Basically you can run a separate script almost like a module for your Murmur server, and have it trap various events that go on, and then the script can react to them. You can do it in your favorite language as long as it has Ice bindings - C++, Python, PHP, Ruby and Java are all supported (and I might have missed a couple). I’m doing it in Python, because while I’m pretty terrible at Python, and I’m more comfortable with PHP, realistically I’m equally terrible at PHP and I think Python is more elegant all in all (though whitespace having syntactic meaning causes me no end of nerd rage).

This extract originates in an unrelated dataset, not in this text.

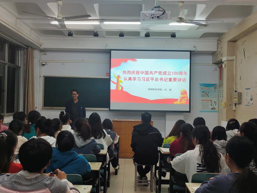 本网讯(特约记者/赵尊 学生记者/张文娜)为持续推进党史学习教育走深走实,引导广大学生切实做到学党史、悟思想,10月11日,教师教育学院党委书记冯建为学院第48期100余名入党积极分子讲授学习“七一”讲话精神专题党课。

We had a client approach us a while back about an idea for a site she had, and I started messing around to see whether it was doable. Using the callbacks, I’ve discovered all manner of neat stuff that’s possible. When asking for an example of setting the ACLs up in Python, a guy on IRC handed me a copy of a complete authenticator for EVE Online, which dynamically creates channels and groups based on the corporation you’re in.
We’ve been messing around with the contextual creation of channels, which would be great for a gaming community or maybe voice chat for a free online dating site (especially when coupled with an in-browser client that a few people have been working on, but thus far nothing is usable). MumbleDog (and I, personally) took ownership of a patch a while back to make callbacks for text messages, allowing you to write server-side IRC-style bots and let you do text message control over the server - again, all based off the ACLs that are in place.
I don’t know whether the client is going to go ahead with their project or not, but even if they don’t I had a lot of fun and learned a lot (and stumbled upon a few minor bugs in Murmur we can fix later on) and working on my Python skills is always a plus.